Research output: Contribution to journalArticlepeer-review

1 Scopus citations


Blood conservation and the subsequent prevention of transfusion have assumed an increasingly important role in cardiac surgery. The concern is one of preventing transmission of transfusion related diseases and of conserving an extremely valuable resource (1,2). Cardiac surgery with cardiopulmonary bypass has become the most common operation performed, thus attracting much analysis of transfusion practices. It is estimated that of the approximately 250,000 cardiopulmonary bypass procedures done in the United States each year, the majority require transfusion of blood products (3).
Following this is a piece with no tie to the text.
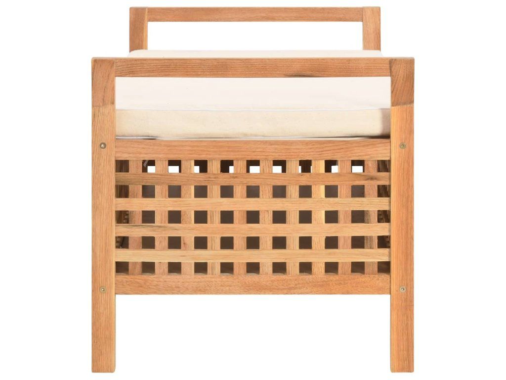Lavice je vyrobena z masivního ořechového dřeva a překližky, je tudíž pevná a odolná. Skrývá se v ní prostorná úložná přihrádka, která je jako dělaná ke skladování ručníků, oblečení, podušek, hraček, nářadí a dalšího příslušenství. Její mřížkové provedení umožňuje dobré větrání. Silně polstrovaná poduška se vám navíc postará o mimořádně pohodlné sezení. Je opatřena povlakem na zip, který snadno sundáte a vyperete.

It has been calculated that the cardiac surgery services throughout the United States use somewhat over 10% of all the blood product resources that are transfused in this country (4,5). Many methods of blood conservation have been described (Table 1), but there still exists a wide variance in blood product utilization for adult patients undergoing cardiopulmonary bypass procedures. A review of the literature reveals average packed red blood cell transfusion rates from 0.3 up to 8 units per patient (4,6-8). If we further add the transfusion of platelets, fresh frozen plasma, and cryoprecipitate, the total donor exposure to the patient goes up substantially more. A varied patient population has been cited as the reason for these discrepancies but it has been demonstrated in similarly matched groups of patients receiving transfusions, that the patterns were based to some extent upon 'prevailing practice' rather than on need (9,10). The purpose of this study was to identify which methods of blood conservation were being practiced in a major metropolitan area within the United States where the risk of transfusion related disease is relatively high. Secondly, to stratify the frequency of use of particular blood conservation methods in order to estimate how often a particular method was utilized and by what percentage of respondents. Finally, to increase the awareness of the options and difficulties associated with current modalities of transfusion practice and blood conservation.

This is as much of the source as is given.